**Given information**
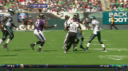 By the end of the first half, the run-pass ratio was 1:23, or something egregious like that. Andy called four – FOUR – handoffs to LeSean McCoy in the first half. Four. And of course, once he entered the second half down 24 points, he didn’t need an excuse to keep passing… And inexplicably decided to start running the ball.
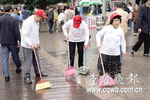 在“五一”期間,我市500多名“愛(ài)心亭殘疾人幫扶培訓(xùn)中心”的學(xué)員,分成30個(gè)隊(duì)伍,在渝中區(qū)、江北區(qū)、渝北區(qū)、南岸區(qū)、九龍坡區(qū)、沙坪壩區(qū)等主城街道,開(kāi)展“我勞動(dòng),我快樂(lè)”的活動(dòng),上街頭義務(wù)清掃。(記者 李珩 攝影報(bào)道)
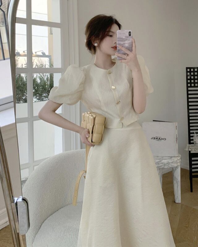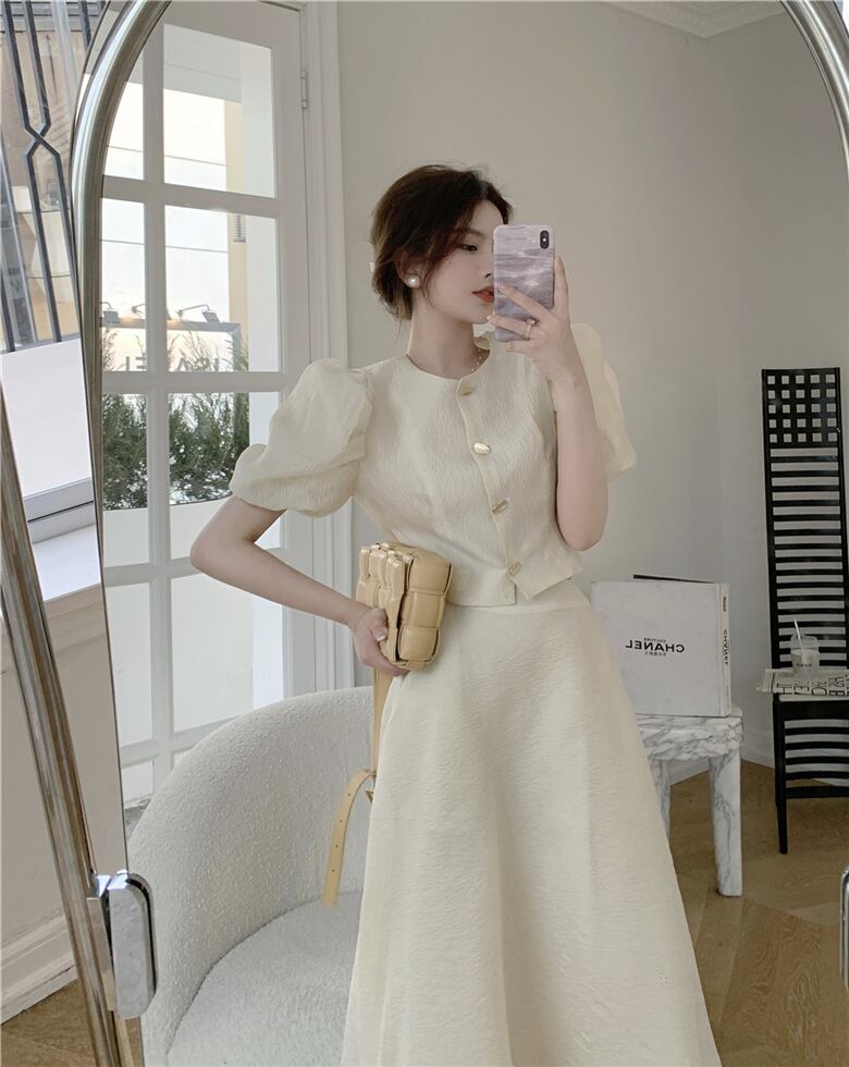 スタイルサマースリーブジャカードシャツ スカート 夏物 フラワークラフター97559857053
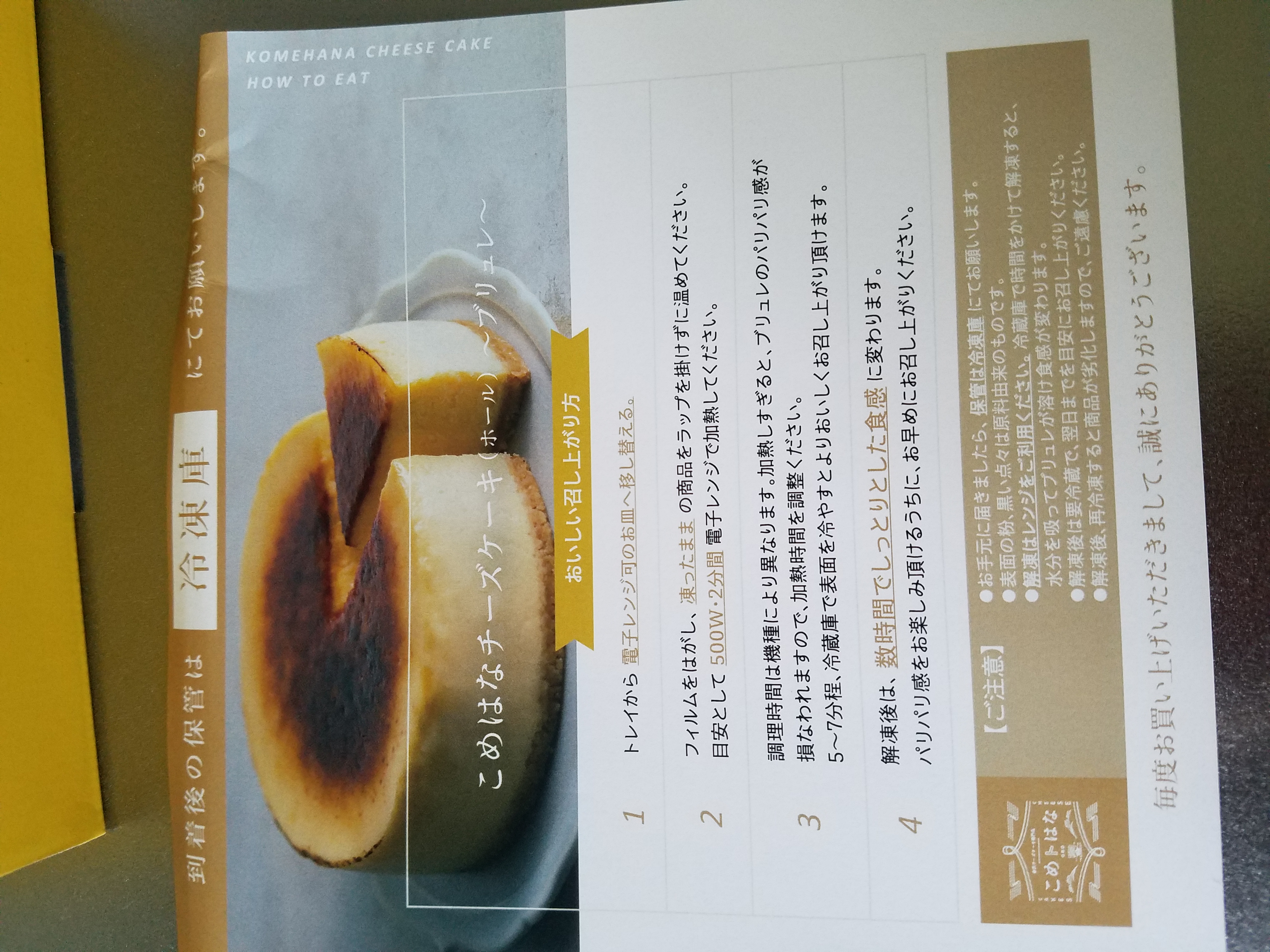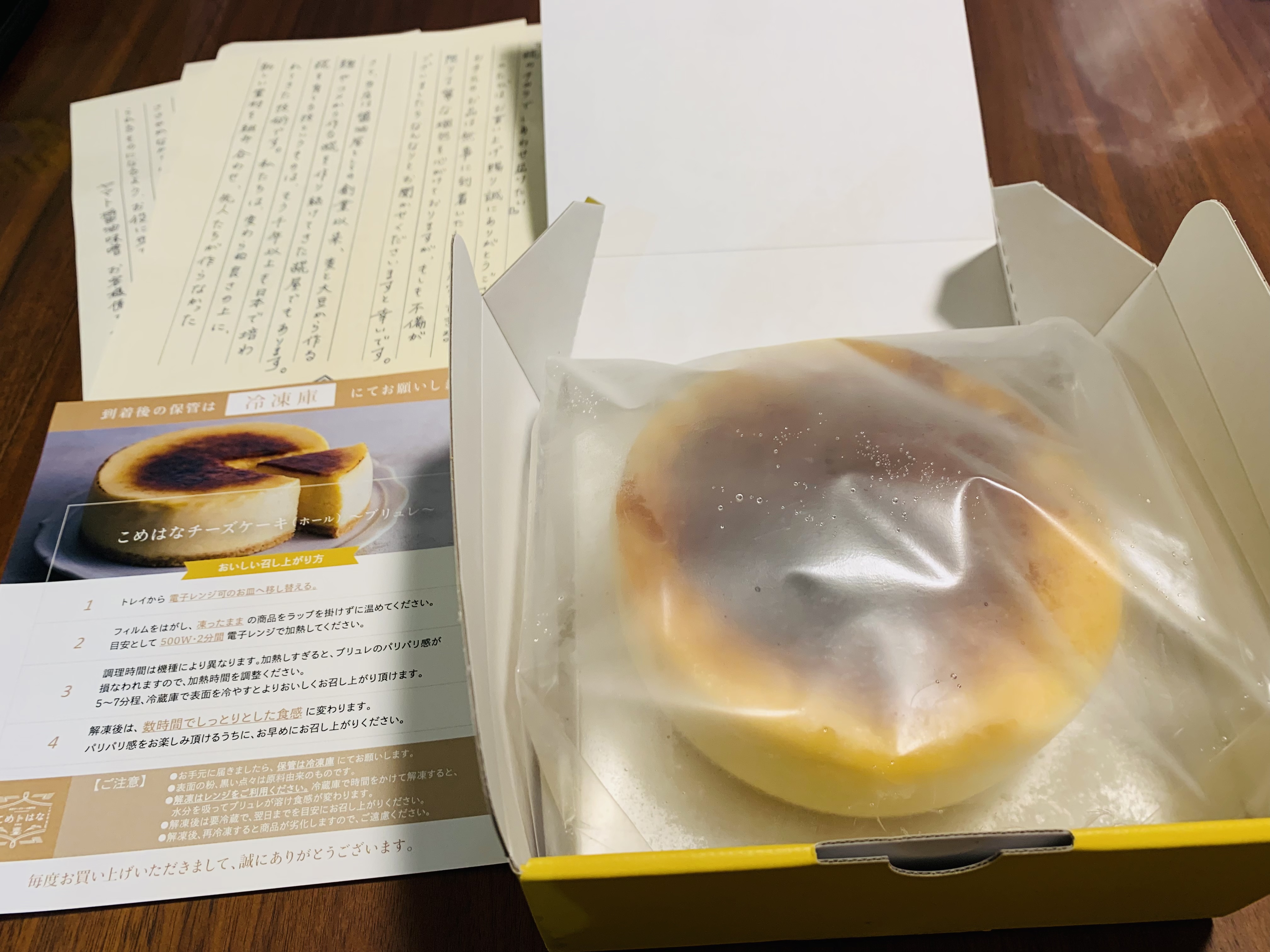商品等のパンフレットが数枚入っていましたが、召し上がり方の紙は間に挟まっていました。

**Exercise aim**
Copy the data character for character, but drop all pictures from the copy.

**Solution for this task**
 By the end of the first half, the run-pass ratio was 1:23, or something egregious like that. Andy called four – FOUR – handoffs to LeSean McCoy in the first half. Four. And of course, once he entered the second half down 24 points, he didn’t need an excuse to keep passing… And inexplicably decided to start running the ball.
 在“五一”期間,我市500多名“愛(ài)心亭殘疾人幫扶培訓(xùn)中心”的學(xué)員,分成30個(gè)隊(duì)伍,在渝中區(qū)、江北區(qū)、渝北區(qū)、南岸區(qū)、九龍坡區(qū)、沙坪壩區(qū)等主城街道,開(kāi)展“我勞動(dòng),我快樂(lè)”的活動(dòng),上街頭義務(wù)清掃。(記者 李珩 攝影報(bào)道)
 スタイルサマースリーブジャカードシャツ スカート 夏物 フラワークラフター97559857053
商品等のパンフレットが数枚入っていましたが、召し上がり方の紙は間に挟まっていました。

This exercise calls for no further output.